Kehilangan kita berarti risiko rusaknya ritme kerja tim atau hilangnya kepercayaan karyawan lain terhadap manajemen. Kekuatan "akar" sosial ini sering kali memaksa manajemen untuk memberikan "reward" agar kita tetap eksis.
3. (Legacy System), Penguasaan "Sistem Warisan"
Di setiap kantor biasanya ada sistem lama atau data historis yang sangat penting tapi tidak terdokumentasi dengan baik.
Jika Anda adalah orang yang paling fasih menavigasi sistem ini, Anda memiliki leverage (daya tawar) yang sangat tinggi. Perusahaan tidak akan berani membiarkan kita "Keluar" karena risiko data kacau atau sistem berhenti.
4. (Client Trust), Membangun Ketergantungan Klien
Pastikan hubungan kita dengan klien atau vendor besar begitu kuat sehingga mereka hanya ingin berurusan jika lewat Anda.

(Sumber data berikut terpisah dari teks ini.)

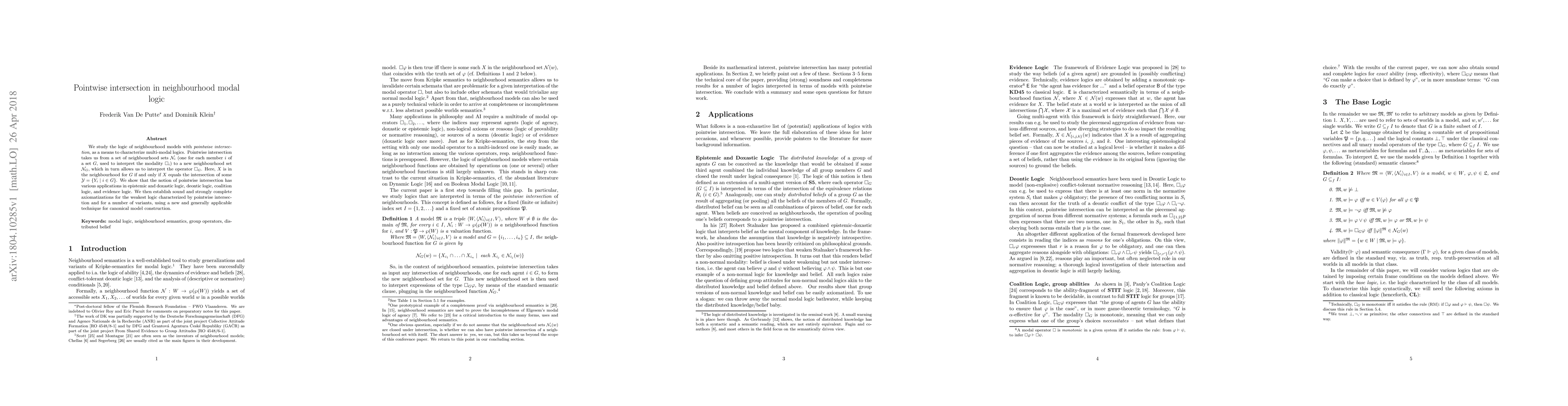 We study the logic of neighbourhood models with pointwise intersection, as a means to characterize multi-modal logics. Pointwise intersection takes us from a set of neighbourhood sets $\mathcal{N}_i$ (one for each member $i$ of a set $G$, used to interpret the modality $\square_i$) to a new neighbourhood set $\mathcal{N}_G$, which in turn allows us to interpret the operator $\square_G$. Here, $X$ is in the neighbourhood for $G$ if and only if $X$ equals the intersection of some $\mathcal{Y} = \{Y_i \mid i\in G\}$. We show that the notion of pointwise intersection has various applications in epistemic and doxastic logic, deontic logic, coalition logic, and evidence logic. We then establish sound and strongly complete axiomatizations for the weakest logic characterized by pointwise intersection and for a number of variants, using a new and generally applicable technique for canonical model construction.

Perusahaan mungkin berani mengancam kita, tapi mereka tidak akan berani mengambil risiko kehilangan klien karena kita pergi.
Jalan ini menuntut kita untuk memberikan pelayanan ekstra kepada klien, hingga mereka berkata: "Saya hanya mau berurusan melalui Pak X." Di titik itulah, kenaikan upah Anda menjadi harga mati bagi perusahaan.
5. Menjadi "Problem Solver" di Area Abu-Abu
Ambil peran di masalah-masalah yang tidak ada pemiliknya (area abu-abu), seperti penanganan komplain berat atau audit internal mandiri.
Saat kita mampu membereskan hal-hal yang orang lain takuti, keberadaan Anda menjadi "asuransi" bagi perusahaan. Mereka akan memilih menaikkan upah daripada harus menghadapi masalah lebih berat.
Eksistensi Kinerja Adalah Tentang Pilihan
Ancaman "Keluar" hanya efektif jika kita tidak punya pilihan lain. Namun, dengan menjalankan langkah strategis, maka kita sedang membangun "asuransi karier" sendiri.
Kita tidak lagi bergantung pada kebaikan hati atasan, melainkan pada nilai diri yang ditanam di dalam sistem perusahaan.
Ini berarti pula, saat kita benar-benar resign maka rasanya tidak sulit pula mendapat perusahaan baru yang nilai upahnya hampir pasti lebih tinggi dari sebelumnya.
Negosiasi gaji adalah soal logika bisnis, tapi menjaga eksistensi adalah soal seni bertahan dan menang.
Jika perusahaan tetap buta terhadap nilai kinerja kita meski semua jalan sudah ditempuh? Setidaknya kita pergi bukan sebagai orang yang "diusir", tapi sebagai pemenang yang sudah siap dengan penawaran yang jauh lebih besar di tempat lain.
Kekuatan karier anda, ada di tangan anda sendiri.